In Gee Chun races to record-tying 5-shot lead at Women's PGA
BETHESDA, Md. (AP) — In Gee Chun is alone atop the Women's PGA Championship following a sensational start.
In fact, no player has ever been further ahead after 18 holes at a women's major.
Chun breezed to an 8-under 64 on Thursday to take a five-stroke advantage after the first round at Congressional. While most of the field slogged through the day on the wet Blue Course, Chun birdied seven of eight holes during one stretch. She was seven shots ahead when she finished her round and ended up tying a record for the largest 18-hole lead at a major.
Mickey Wright led this tournament by five after the first round in 1961.
“I don’t know what golf course In Gee is playing,” defending champion Nelly Korda said after finishing her round of 71.
Chun was playing the same course as everyone else — one that went through a full restoration last year. There was heavy rain in the area overnight and more precipitation during play Thursday morning. That softened the course but also made Congressional’s length — 6,809 yards for this first round — more of a factor.
No big deal for Chun, a two-time major winner.
“The course, after a lot of rain, feels longer,” the 27-year-old South Korean said. “At the same time, greens were softer. So I think it was just a balance.”
Although there was plenty of golf left to play, Chun's big lead certainly turned heads.
“I can’t stop staring at the leaderboard,” Justin Thomas tweeted. “Leading by 7 halfway thru day 1!!!!”
Pornanong Phatlum and Hye-Jin Choi shot bogey-free rounds of 69 to cut Chun's lead to five, but that was still a big enough advantage to tie Wright's mark. The 1961 tournament was one of a record four victories by Wright at this event. Chun is trying for her first.
Chun did set a major championship record — for men or women — when she won the Evian Championship in 2016 at 21 under. She also won the U.S. Women’s Open the previous year.
Paula Reto and Jennifer Chang were at 2 under. Korda and playing partner Brooke Henderson were part of a nine-player group at 1 under. One example of how challenging the course was: Korda hit driver, hybrid and 7-wood while making par on the 587-yard ninth hole.
“That’s the longest par 5 I’ve ever played,” she said. “I was happy to play the front nine even.”
Chun, who started on the back nine, birdied Nos. 15, 16, 17 and 18. After a bogey on No. 1, she rebounded with three more birdies in a row.
Chun hit all 14 fairways and said she passed the time by discussing non-golf topics with caddie Dean Herden.
“We talk about the kiwis because I love to eat kiwis on the course,” she said. “It’s really tough to find a good kiwi from the supermarket. Luckily, we have a good Korean supermarket near here, so I got a good gold kiwi from there.”

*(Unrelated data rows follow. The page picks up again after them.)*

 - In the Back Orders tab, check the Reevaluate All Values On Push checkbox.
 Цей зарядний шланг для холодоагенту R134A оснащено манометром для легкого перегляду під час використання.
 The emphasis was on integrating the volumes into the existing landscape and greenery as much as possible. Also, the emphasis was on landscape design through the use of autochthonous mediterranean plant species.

If Chun keeps playing like this, she might find it easy to relax on the course, but she'll have a talented group of challengers chasing her. Jennifer Kupcho, who won her first major at the Chevron Championship earlier this year, was 1 under. Phatlum's impressive round included an ace on the 199-yard second.
Inbee Park, Lydia Ko and world No. 1 Jin Young Ko all shot 72, one stoke better than U.S. Women's Open champ Minjee Lee.

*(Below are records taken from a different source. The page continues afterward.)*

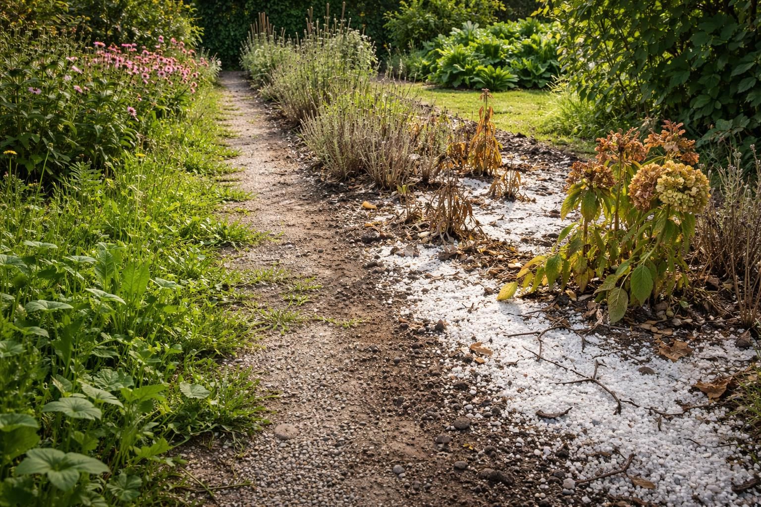 Bien que certaines personnes utilisent le gros sel dans des zones non cultivées, comme les allées ou les terrasses, cette approche présente toujours des défis environnementaux. Le ruissellement peut en effet causer des dommages collatéraux, atteignant des zones cultivées et contaminant d’autres plantes.
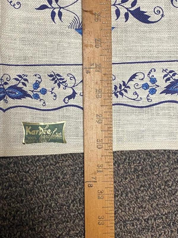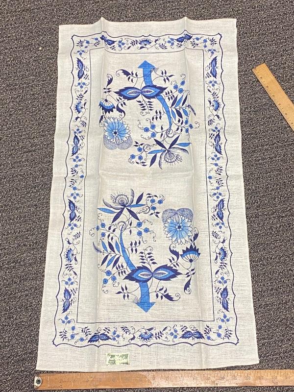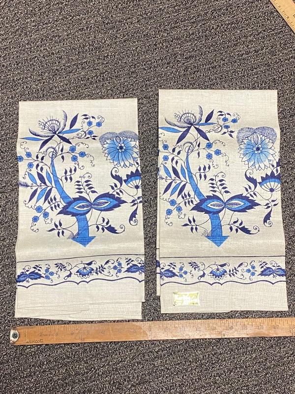 Beautiful vintage tea towel set. Floral pattern in shades of blue. Look unused. Heavy creases. One still has the original sticker tag on it. No spots, may be slight discoloration along creases from age & storage. Roughly 17"x30".
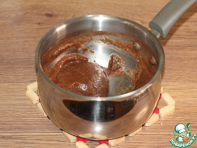 14. Выливаем смесь в ковшик и добавляем растительное масло.
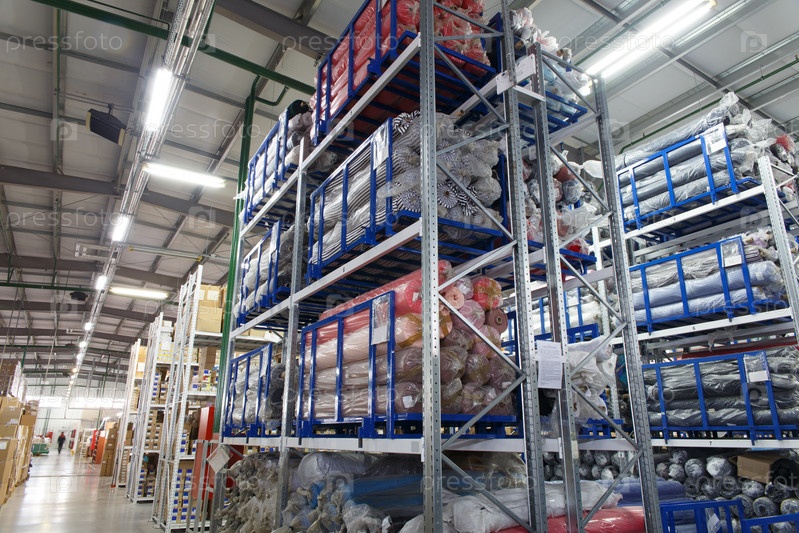 Обзор большого промышленного современного склада, хранящего продукцию в картонных коробках, мешках и рулонах

In fact, if not for Chun, a lot of players could feel pretty close to the lead.
“I feel like I played really well. The course is really hard,” Kupcho said. “I don’t really know how In Gee is 8 under right now. That’s definitely an outlier.”
NOTES: Emma Talley (78) finished while putting with a wedge after her putter was damaged during the round. ... Lizette Salas and Cristie Kerr both shot 80.